De Thame added: “I was driving on a motorway and the central area dividing the carriageways had been mown. Why on earth is public money being used to get rid of a froth of cow parsley?”
In an interview with Radio Times, De Thame was asked if embracing weeds was somehow “woke”.
She replied: “It may seem like that to some, but it’s just about being aware and accepting that we, as humans, are not the only important beings in the environment in which we live.”
Gardeners should, for example, think twice before reaching for the bug spray, she said.
“If you have aphids or greenfly on your plants, ladybirds will eat them.”
As a child, she recalled “waging war” on dandelions in her parents’ garden and helping her father to keep the rockery free of weeds.
Watching weeds is a revelation
Only three years ago, De Thame wrote a piece about the need to clear her Cotswolds garden of “runaway weeds”.
However, she has now learnt to enjoy living with them, having decided to leave one area of the garden alone.
“Watching the weeds come in has been a revelation,” she said, with that corner now a mini-meadow of grasses and wildflowers.
“Insects are amazing and I’m so glad that my garden has more weeds in it now than ever. They make my heart sing.”

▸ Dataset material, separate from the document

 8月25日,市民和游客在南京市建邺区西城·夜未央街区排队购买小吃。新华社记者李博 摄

She accepted that it was hard to love some weeds such as ground elder, horsetail and bindweed.
Thriving, natural habitats
Cleve West, the six-times gold medal-winner at Chelsea, will design a garden for Centrepoint, the homeless charity, that makes a feature of weeds.
“What at first glance may appear to be a dysfunctional and fragmented space is in fact a thriving, natural habitat,” he said.

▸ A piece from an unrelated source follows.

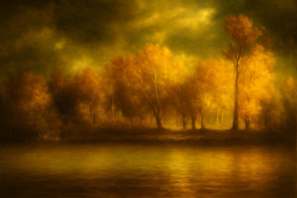 Step into the stillness of a golden autumn afternoon, where the forest glows under an enchanted sunlight and the river drifts in peaceful silence. Inspired by the delicate chiaroscuro of Dutch master Vermeer, this artwork captures the timeless play of light and shadow. A luminous tribute to nature’s quiet majesty, perfect for interiors that seek both warmth and wonder.
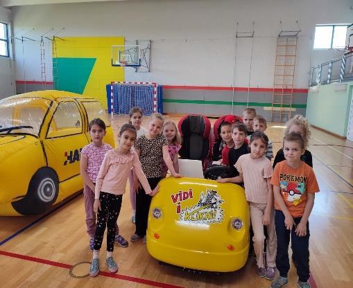 Učenici su u radionici aktivno sudjelovali te naučili kako sigurno prelaziti ulicu, kretati se nogostupom i voziti se u automobilu!

The trend follows gardening experts urging us to stop mowing the lawn in order to create a more hospitable environment for wildlife.
Monty Don, the television presenter and gardener, has said that neatly mown lawns are a symbol of the patriarchy.
“The obsession, which tends to be male, is controlling rather than embracing – making a lawn that is pure grass without any filth and foreign invading plants in there, making sure it’s stripy and neat, and phew, just one aspect of life that’s under control.”